Diese Frage hat sich Andrea Gagliarducci gestern in seiner Kolumne bei Monday at the Vatican gestellt. Hier geht s zum Original: klicken
"PAPST FRANZISKUS, FINDET EIN PRAGMATISCHES SCHISMA STATT? "
Schon 2017 beleuchtete die italienische website Campari De Maistre die Möglichkeit eines Schismas. Sie stellte jedoch fest, daß die Gefahr eines Spaltung nicht in Deutschland zu finden sei, trotz all des Drucks der bereits von der deutschen Kirche ausgeübt wird. Statt dessen sollten wir auf die Gefahr schauen, die aus Süd-Amerika kommt.
Latein-Amerika - argumentiert der Artikel-durchlebt eine sozio-politische Evolution, in der eine homogene terrritoriale Gründung in einen potentiell schismatischen theologischen Diskurs übersetzt wird.
Heute scheint diese Argumentationslinie über das Schisma der Latein-Amerikanischen Kirche auf dramatische Weise wichtig. Das kam mir plötzlich in den Sinn, als ich den unglaublichen Aktivismus des von Kardinal Victor Manuel Fernandez geleitetet Dicasteriums für die Glaubenslehre überdachte.
Das jüngste Dokument des Dicasteriums ist Fiducia Supplicans. In 4 Punkten. mit - wie immer-Zitaten aus dem Lehramt von Papst Franziskus , aber nur selten mit Zitaten der Kirchenväter- erklimmt das Dokument felsiges Gelände: die Segnung irregulärer Paare, ob geschieden und wiederverheiratet oder gleichgeschlechtlich.
Die Schluss-Argumentation ist - nein ,man kann nur eine Ehe segnen, und nein-nur eine Verbindung zwischen Mann und Frau, offen für das Leben, wird von der Katholischen Kirche akzeptiert. Individuelle Segnungen sind jedoch erlaubt, weil -wer immer um einen Segen bittet, -um Gottes Gnade bittet. Es ist nicht die Verbindung, die gesegnet wird, sondern die Menschen, auch Menschen im Zustand der Sünde.
All das entspricht natürlich normalem Denken. Wie üblich bestand der gesunde Menschenverstand darin, die öffentliche Segnung anderer Verbindungen als der Ehe zu vermeiden, einige Grenzsituationen privat zu bewältigen und die Entscheidung darüber, was zu tun und wie es zu tun ist, dem Urteilsvermögen des Priesters zu überlassen. Schließlich wurde davon ausgegangen, daß der Priester nach der richtigen Lehre und dem richtigen Gewissen handeln und dem Glaubensgut treu bleiben würde, ohne zu versäumen, jede problematische Situation zu begleiten.

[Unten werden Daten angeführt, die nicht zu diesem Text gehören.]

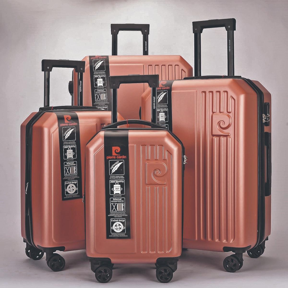 En este conjunto de valijas de cuatro tamaños, la más pequeña es la que tiene una particularidad: es la medida exigida por algunas líneas de bajo costo o low-cost. La valija que le sigue en tamaño también puede ir en cabina de los aviones de línea. Son de fibra de plástico ultra resistente y con ocho ruedas.

Der Text des Glaubens-Dicasteriuns wurde mit unklaren Argumenten verfasst. Wie die der französische Dominikaner Thomas Michelet sagte, “Es fehlt ihm an Präzision.” Da kommt nie das Wort "Umkehr" vor, in dem Text kommt nie eine Beschreibung davon vor, was Sünde ist. Am Ende ist darin kein Hinweis auf eine Christliche Berufung. Für diese Berufung versuchen wir -gemäss der spezifischen Kriterien - genannt Doktrin- zu leben. Es ist diese Berufung, die die Möglichkeit der Sünde beleuchtet. Wegen dieser Berufung gehen wir zur Beichte.
Die Tatsache jedoch, daß es dem Text an Genauigkeit fehlt, liegt genau in der unterschiedlichen Mentalität zwischen klassischer und latein-amerikanischer Theologie.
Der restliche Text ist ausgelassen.